Но дверь вдруг приоткрывается и в келью заглядывает святоша – охранник. Моего гостя отзывают, и дверь за ним, разумеется, запирают. Дерьмо баркачье! Снаружи внимательный сторож, а значит, без посторонней помощи не обойтись, но я не поняла, придёт ли жрец, чтобы выполнить обещание? Глупая мысль, ведь ему придётся отвечать перед Советом. Он не позволит сбежать, поскольку на суде упоминалось, что важно вернуть артефакт в Башню.

Брожу кругами в ожидании чуда. Ни один святоша не станет помогать, всё нужно делать самой. Время за маленьким окошком больше не тянется как липкая паутина, а несётся со скоростью кометы, и сумрак уступает место ночным светилам, которые по непонятной причине не позволяют любоваться даром Демиургов под узким лучиком света. Я подхожу к двери. Чтобы не транжирить время попусту, старательно ломаю шпильку за шпилькой о замок. Факт, что я его не открою, становится очевиден после пары попыток, но дурацкая человеческая натура требует пытаться и не отступать. Глупо надеяться, что именно в следующий раз непременно повезёт. Но в следующий раз я понимаю, что сломала последнюю и шанса больше нет. Обломки выскальзывают из вспотевших пальцев, и ощущение, будто меня похоронили заживо, обретает чёткость. Стены давят со всех сторон, я напрасно до заноз царапаю крышку гроба, сдираю кожу на пальцах, наивно полагая, что сбегу.

Отсюда не выбраться.

Очередной грохот ключа в замке вырывает меня из глубин размышлений, и я готова бежать хоть сейчас, придушить любого вошедшего цепью от оков и выскочить. Но дверь лишь слегка приоткрывается, и в келью вталкивают подставку с едой. Прекрасно. Святоши вспомнили, что в их клетке животное, которое нужно кормить, или решили порадовать перед смертью жратвой. Отпихиваю. Пусть набивают свои желудки, мне тут кусок в горло не лезет, мне выть хочется.

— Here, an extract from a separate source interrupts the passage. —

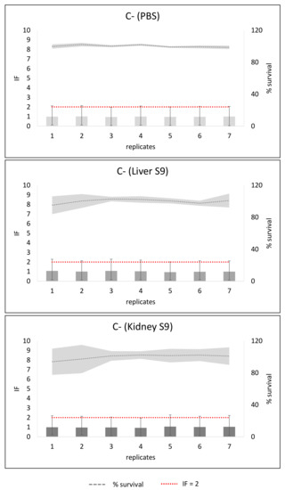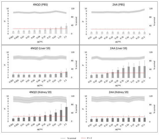 The results of the positive controls 4-nitroquinoline-N-oxide (4NQO) and 2-aminoanthracene (2AA) without metabolic activation (PBS) and with metabolic activation from liver (liver S9) or from kidney (kidney S9) are presented in Figure 2. 4NQO without metabolic activation has IF values greater than 2 at high concentrations (0.63–2.5 µg/mL) with a concentration–response tendency. In the presence of liver S9, a positive result was only observed at the highest concentration (2.5 µg/mL), but with kidney S9, a strong genotoxic effect with a concentration–response trend was registered. Moreover, the highest concentration had IF values around 6 (Figure 2). IF variability was greater with kidney S9 (max % CV: 62.9) than with liver S9 (max % CV: 50.6). Considering 2AA, it was negative without metabolic activation and with kidney S9. However, it was positive with liver S9, showing a concentration–response tendency and reaching IF values around 4 (Figure 2). IF variability was greater with kidney S9 (max % CV: 66.7) than with liver S9 (max % CV: 45.8).

Брожу, пытаюсь открыть оковы обломками заколок. На одной руке это удаётся, замки у браслетов не такие сложные, как у двери. Только вторая остаётся в плену и освободить её уже нечем. Хотя этого вполне хватит, чтобы треснуть по башке охранника или любого вошедшего святошу. Вот это мысль! Не похоже на меня. Не люблю драк, хотя мне случалось драться с Булкой. Глупый спор. Покатались по полу, она насела сверху, пытаясь меня раздавить, и сломала мне два ребра. Я обиделась и рассказала наставникам, что она ходит в оранжерею к Кочану. Справедливость восстановилась, когда им обоим влетело, но потом совесть замучила.

Сажусь под дверью, караулю. Руки дрожат. Долго никто не идёт, но я постепенно успокаиваюсь. Всё равно сбегу. Надеюсь, книжных познаний о природе Эйдоса хватит, чтобы выжить на материке. Ведь я прочитала все книги, по которым Доверенные готовят подмастерьев, и знаю, как разжечь костёр и определить север.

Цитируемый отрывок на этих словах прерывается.